Given its simplicity and effectiveness, the dumbbell shoulder press is a staple in many exercise routines. But if you're sick of performing the exercise or simply want an alternative to the dumbbell shoulder press, you can get similar benefits from alternative exercises. Try several dumbbell shoulder press alternatives to see what you like best and which provide the best results for you. Always exercise with a partner or another form of supervision to stay safe.
Muscles Worked by Dumbbell Shoulder Presses
The best machine alternatives for the dumbbell shoulder press are those that work the same muscles. Thus, knowing what exactly the dumbbell shoulder press does is the first step in finding suitable alternatives. The primary targets of the dumbbell shoulder press are your deltoids, also known as your shoulder muscles. Additionally, the dumbbell shoulder press helps strengthen your triceps, pectoralis major, your trapezius and your supraspinatus, or rotator cuff, which is another shoulder muscle.

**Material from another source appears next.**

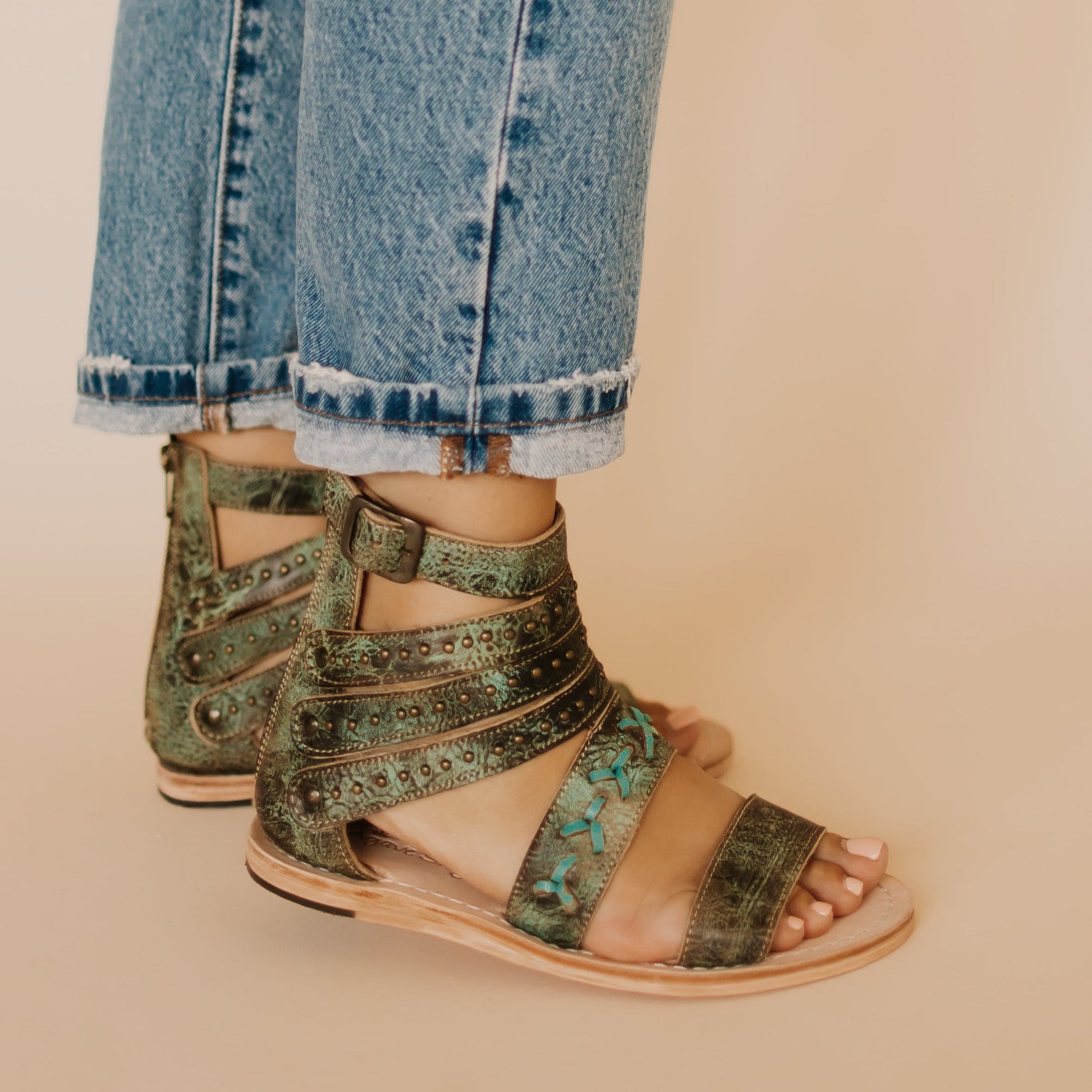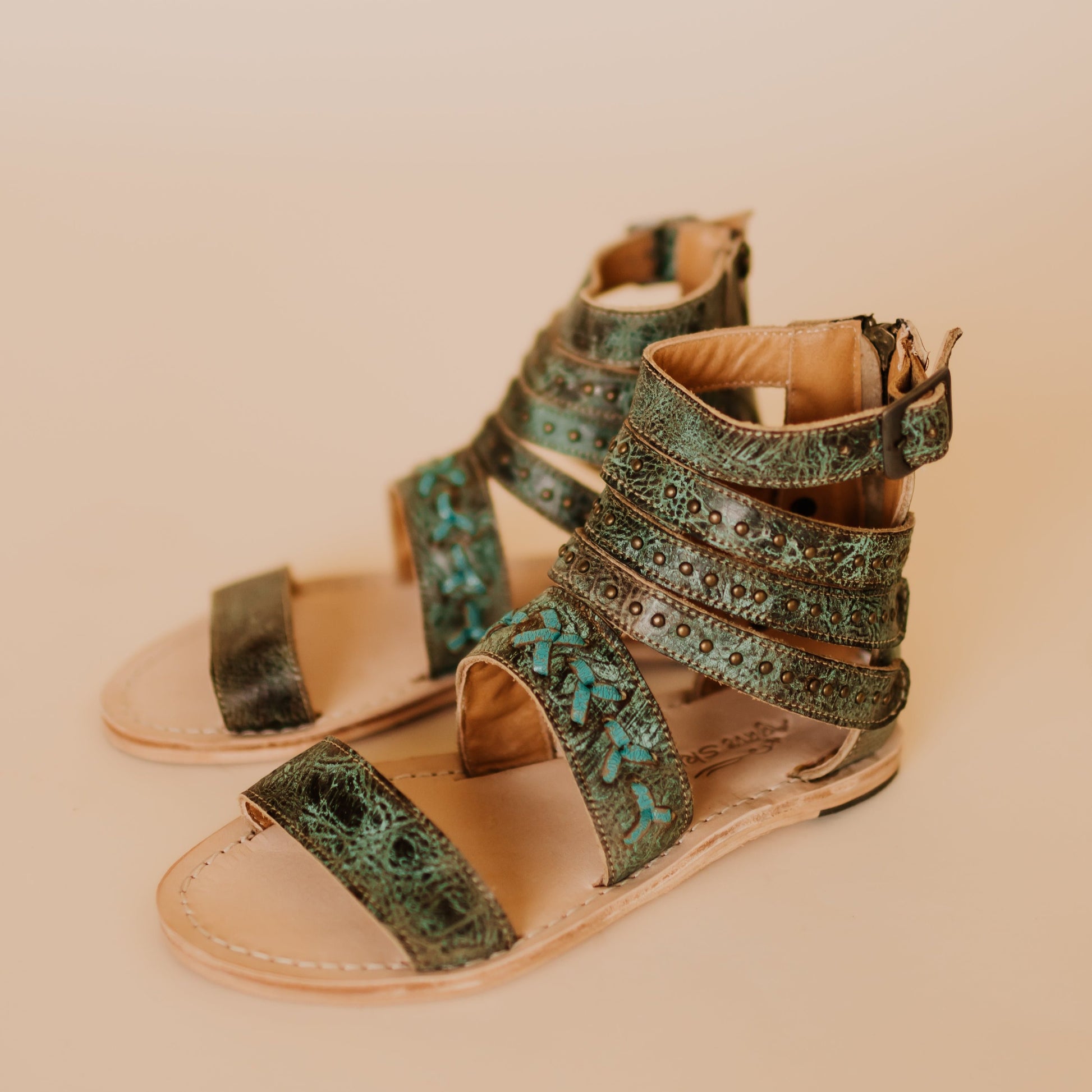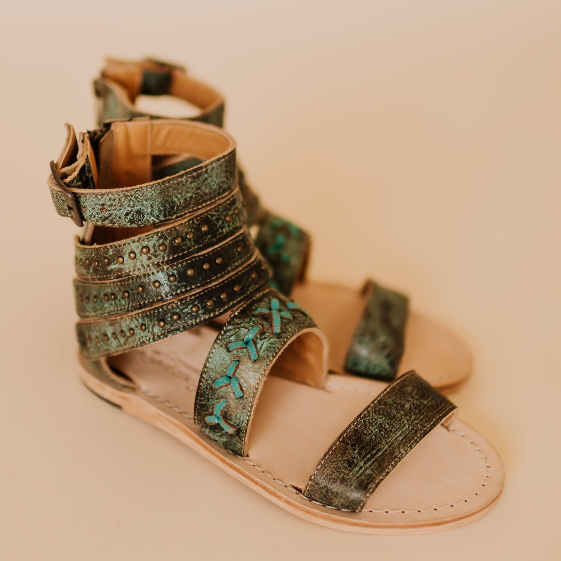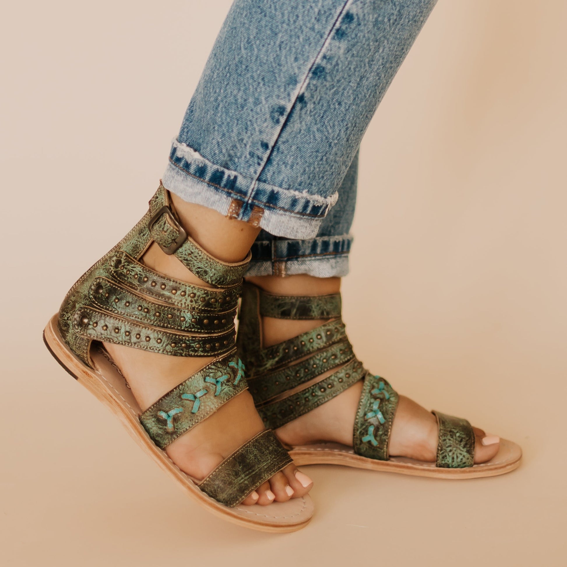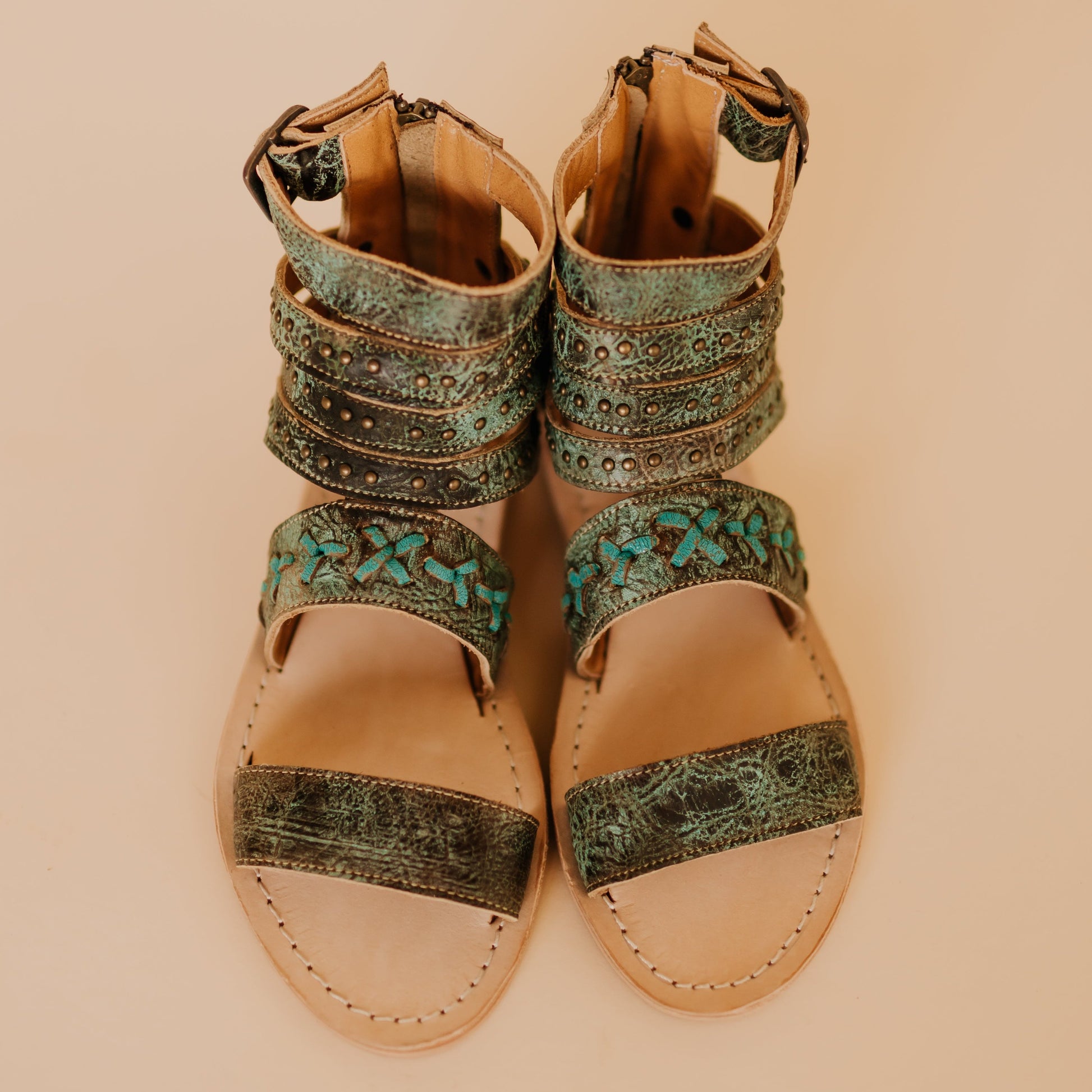 Our Gabriella Grecian style sandal in turquoise has a genuine leather upper with topstitching and studded details. Easy to put on with a back zipper closure and adjustable ankle strap, you are ready to rule the summer in this boho-chic style.

If you like the dumbbell shoulder press because it works your shoulders, then machine alternatives with a similar focus are best for you. The most suitable alternative is the machine shoulder press, which is nearly identical to the dumbbell shoulder press except for two factors. The first is that you use machine handles rather than dumbbells, and the second is that you are seated rather than standing. The exercise primarily works your shoulders and triceps. Another alternative is the close-grip machine shoulder press, which brings your hands in narrower than shoulder-width for a more challenging workout.
You may like the dumbbell shoulder press because it helps strengthen your triceps, which comprise two-thirds of the muscle mass of your upper arm. In this case, machine bench presses, whether standard or close-grip, will help you target your triceps while also working your shoulders and chest. The triceps pushdown will also put the strength-training focus on your triceps, though it doesn't affect your chest or shoulders.
If you want to firm up your chest or gain strength to perform more pushups, chest-focused machine alternatives to the dumbbell shoulder press are ideal. The dumbbell shoulder press doesn't have your pectorals as its primary target, but machine exercises such as the chest press, decline cable press, incline chest press and standing cable fly do target the chest. These exercises also involve your shoulders, allowing you to work multiple muscle groups simultaneously.
The dumbbell shoulder press isn't the most effective back exercise, as your back muscles aren't the primary target. Thus, some machine alternatives may be better choices if your back is your workout priority. Three machine alternatives to the dumbbell shoulder press are the seated row, lat pull-down and seated high row. These exercises target your back but also work your shoulders, making them similar to the dumbbell shoulder press, albeit with subtle changes in muscle emphasis.